The second book in the "...of the Wolves" series, but I hadn't realized that and read it first by mistake. I was pretty quick to realize what was going on (the first part of the book was a massive info dump, I figured had to be explaining the first book). I didn't think I owned the first book, so I tried continuing on with this one. 'Starting in the middle of the series' issues aside, neither the writing nor the story worked for me, so gave up about 10% in.

The plot was unclear. Something about how gods had wanted to have wolves work with humans, and the wolves agreed, then someone (wolves or man) broke that promise. Thousands of years in the future, we arrive at current time (in the book, alternate universe) and wolves are just starting to be willing to work with humans again, though some wolves are against that.

Promise of the Wolves by
Rating: Disliked (Hated-Disliked-Okay-Liked-Loved)



Then it turned out I did actually own the first book in the series, so I tried reading that. Why would a first book start with an info dump? I slogged through that, but found the same issues with story and writing, so gave up on this one as well.

Beneath a Winter Moon by
Rating: Disliked (Hated-Disliked-Okay-Liked-Loved)



I'm starting to listen to signs that I shouldn't read a book. This one had a very long, very poorly written author's forward. It ended with "Note: This book has been edited by the author, only." I gave it a couple pages into the story to see if it would be as poorly edited as I suspected. It was. I deleted it.

Werewolf story, but I can't say more about it beyond that.

Currently reading: War Stories: New Military Science Fiction. Usually I wouldn't be very interested in war stories, but Karin Lowachee (author of the Warchild book I loved so much) has a story in this, so I bought it.

I'm two stories in, and I'm enjoying it more than I thought I would. So far it's more about people than wars. Her story is the second to last one, so I have a ways to go before getting to it.
thistlechaser: (Pirates for Obama)
2016-11-07 09:31 am

Book #53 of 2016 + two others (Bitter Seeds, The Cat Kin, Duncton Wood)

Bitter Seeds by Ian Tregillis
Rating: Hated (Hated-Disliked-Okay-Liked-Loved)



How in the world did this book get on my Kindle? I can only guess it was one of those monthly free books that publishers or Amazon give away.

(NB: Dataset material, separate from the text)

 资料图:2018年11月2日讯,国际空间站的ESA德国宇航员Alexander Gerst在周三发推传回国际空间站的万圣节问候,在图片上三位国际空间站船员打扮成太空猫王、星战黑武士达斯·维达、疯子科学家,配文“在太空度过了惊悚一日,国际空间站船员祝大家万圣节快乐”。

It's 1939. The Nazis have supermen, the British have demons, and one perfectly normal man gets caught in between.

I do not want to read about Nazis. I especially don't want to read about Nazi characters who buy children and drill into their skulls (complete with description of the smell of burning bone and the children screaming). I have no interest in the supernatural or in demons. Seriously, why was this book on my Kindle?

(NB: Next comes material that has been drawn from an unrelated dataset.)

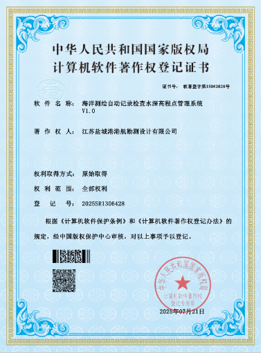 近日,勘測設計公司經國家版權局審核,獲一項計算機軟件著作權登記證書,為《海洋測繪自動記錄檢查水深高程點管理系統V1.0》。

I got about 8% in, which is really more chance than I should have given it, before giving up on it.

The Cat Kin by Nick Green
Rating: Disliked (Hated-Disliked-Okay-Liked-Loved)

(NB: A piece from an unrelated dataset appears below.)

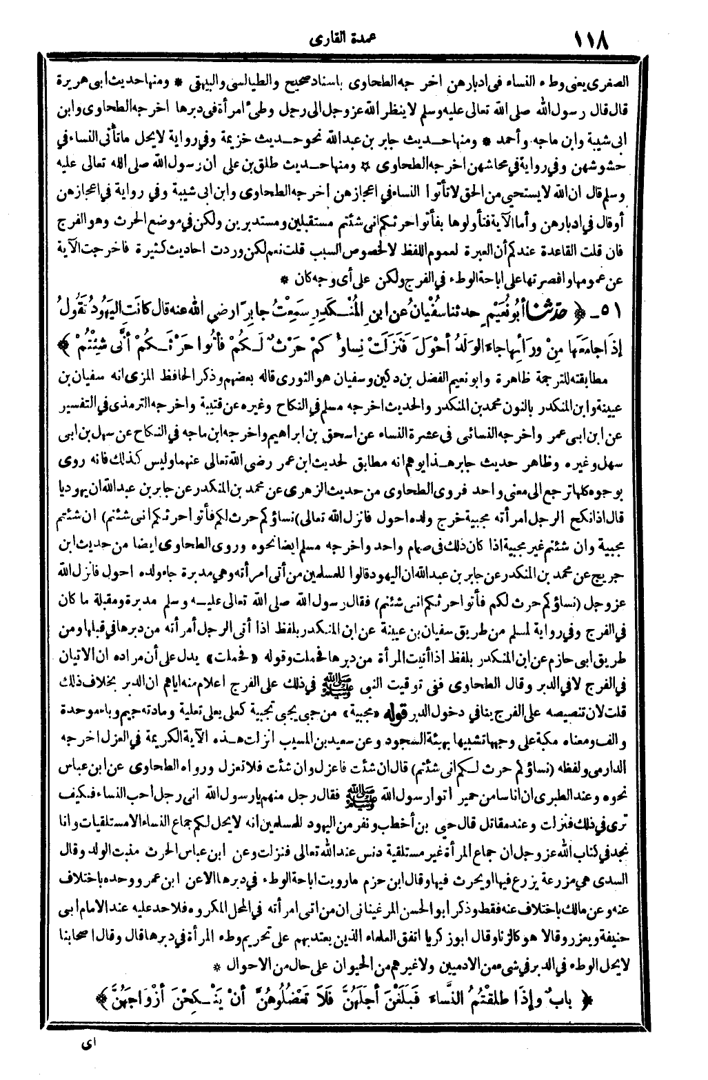 وَظَاهر حَدِيث جَابر هَذَا يُوهم أَنه مُطَابق لحَدِيث ابْن عمر، رَضِي الله تَعَالَى عَنْهُمَا، وَلَيْسَ كَذَلِك فَإِنَّهُ روى بِوُجُوه كلهَا ترجع إِلَى معنى وَاحِد، فروى الطَّحَاوِيّ من حَدِيث الزُّهْرِيّ عَن مُحَمَّد بن الْمُنْكَدر عَن جَابر بن عبد الله أَن يَهُودِيّا قَالَ: إِذا نكح الرجل امْرَأَته مجبية خرج وَلَده أَحول فَأنْزل الله تَعَالَى: {نِسَاؤُكُمْ حرث لكم فَأتوا حَرْثكُمْ أَنى شِئْتُم} إِن شِئْتُم مجبية، وَإِن شِئْتُم غير مجببة إِذا كَانَ ذَلِك فِي صمام وَاحِد. وَأخرجه مُسلم أَيْضا نَحوه: وروى الطَّحَاوِيّ أَيْضا من حَدِيث ابْن جريج عَن مُحَمَّد بن الْمُنْكَدر عَن جَابر بن عبد الله أَن الْيَهُود قَالُوا للْمُسلمين: من أَتَى امْرَأَته وَهِي مُدبرَة جَاءَ وَلَده أَحول، فَأنْزل الله عز وَجل: {نِسَاؤُكُمْ حرث لكم فَأتوا حَرْثكُمْ أَنى شِئْتُم} فَقَالَ رَسُول الله صلى الله عَلَيْهِ وَسلم: مُدبرَة ومقبلة مَا كَانَ فِي الْفرج، وَفِي رِوَايَة لمُسلم من طَرِيق سُفْيَان بن عُيَيْنَة عَن ابْن الْمُنْكَدر، بِلَفْظ: إِذا أَتَى الرجل امْرَأَته من دبرهَا فِي قبلهَا، وَمن طَرِيق أبي حَازِم عَن ابْن الْمُنْكَدر بِلَفْظ: إِذا أتيت الْمَرْأَة من دبرهَا فَحملت. وَقَوله: (فَحملت) يدل على أَن مُرَاده أَن الْإِتْيَان فِي الْفرج لَا فِي الدبر. وَقَالَ الطَّحَاوِيّ: فَفِي تَوْقِيت النَّبِي صلى الله عَلَيْهِ وَسلم فِي ذَلِك على الْفرج إِعْلَام مِنْهُ إيَّاهُم أَن الدبر بِخِلَاف ذَلِك. قلت: لِأَن تنصيصه على الْفرج يُنَافِي دُخُول الدبر قَوْله: (مجبية) من جبى يجبى تجبية، كعلى يعلى تعلية، ومادته جِيم وياء مُوَحدَة وَألف، وَمَعْنَاهُ: مَكِّيَّة على وَجههَا تَشْبِيها بهيئة السُّجُود، وَعَن سعيد بن الْمسيب: أنزلت هَذِه الْآيَة الْكَرِيمَة فِي الْغَزل، أخرجه الدَّارمِيّ وَلَفظه (نِسَاؤُكُمْ حرث لكم أَنى شِئْتُم) ، قَالَ: إِن شِئْت فاعزل وَإِن شِئْت فَلَا تعزل، وَرَوَاهُ الطَّحَاوِيّ عَن ابْن عَبَّاس نَحوه: وَعند الطَّبَرِيّ: أَن أُنَاسًا من حمير أَتَوا رَسُول الله صلى الله عَلَيْهِ وَسلم فَقَالَ رجل مِنْهُم: يَا رَسُول الله: إِنِّي رجل أحب النِّسَاء، فَكيف ترى فِي ذَلِك؟ فَنزلت: وَعِنْده مقَاتل، قَالَ: حييّ بن أَخطب وَنَفر من الْيَهُود للْمُسلمين إِنَّه لَا يحل لكم جماع النِّسَاء إِلَّا مستلقيات، وَإِنَّا نجد فِي كتاب الله عز وَجل أَن جماع الْمَرْأَة غير مستلقية دنس عِنْد الله تَعَالَى، فَنزلت: وَعَن ابْن عَبَّاس الْحَرْث منبت الْوَلَد، وَقَالَ السّديّ: هِيَ مزرعة يَزع فِيهَا أَو يحرث فِيهَا، وَقَالَ ابْن حزم: مَا رويت إِبَاحَة الْوَطْء فِي دبرهَا إلاّ عَن ابْن عَمْرو وَحده باخْتلَاف عَنهُ، وَعَن مَالك باخْتلَاف عَنهُ فَقَط، وَذكر أَبُو الْحسن المرغيناني، أَن من أَتَى امْرَأَته فِي الْمحل الْمَكْرُوه فَلَا حد عَلَيْهِ عِنْد الإِمَام أبي حنيفَة وَيُعَزر، وَقَالَ هُوَ كَالزِّنَا، وَقَالَ أَبُو زَكَرِيَّا اتّفق الْعلمَاء الَّذين يعْتد بهم على تَحْرِيم وَطْء الْمَرْأَة فِي دبرهَا قَالَ: وَقَالَ أَصْحَابنَا: لَا يحل الْوَطْء فِي الدبر فِي شَيْء من الْآدَمِيّين وَلَا غَيرهم من الْحَيَوَان على حَال من الْأَحْوَال.

I couldn't decide if this was a bad book or just a really strange book. In it all humans have a spark of cat soul within their own souls. For most people it's just a tiny spark, but some people have more. By complete random (unbelievable) chance, a woman with a cat soul finds a bunch of kids with lots of cat in their souls and trains them to become cats.

I could kind of go along with the story that far, but then it got into things like "catras" (instead of chakras) and cat-ing other new age stuff. Plus the "cat kin" (kids) did completely unreasonable things (even for cat-kid things). I reached the 50% of the book, thus counting it for the year, before giving up on it.

Duncton Wood by William Horwood
Rating: Okay (Hated-Disliked-Okay-Liked-Loved)



There was almost nothing bad about this one, but it didn't hook me either. It was like Watership Down with moles instead of rabbits. It kept using 'mole' in annoying ways though (like "Has anymole seen him?"), and that was the final straw to me giving up on the book.

I had really wanted to like this one, as I had heard it got really dark (murder, rape, etc... by moles!) but I have way too many books to read to stick with one that's not working for me.
thistlechaser: (Book with cat: sickening)
2016-11-02 10:06 am

Two books and a LJ grump (Book #52: We Were Wilder, 2016 book: Child of a Hidden Sea)

I love all of you, my friends list people, but I'm getting seriously, seriously tired of LJ. I changed to S2, which means I lost my simple, clear, easy to read S1 style. And yet I still can't use the S2 features. I did open a support ticket, and I got a reply overnight (under 24 hours, impressive), but it didn't fix my issue.

I'm just tired of fighting with LJ all the time. It doesn't help that I finally made a Tumblr account, so I get an easy stream of effortless crack there. (mikhasunthistle.tumblr.com, but it's only FFXIV/MMO stuff, so.)

---

Child of a Hidden Sea by A. M. Dellamonica
Rating: Okay (Hated-Disliked-Okay-Liked-Loved)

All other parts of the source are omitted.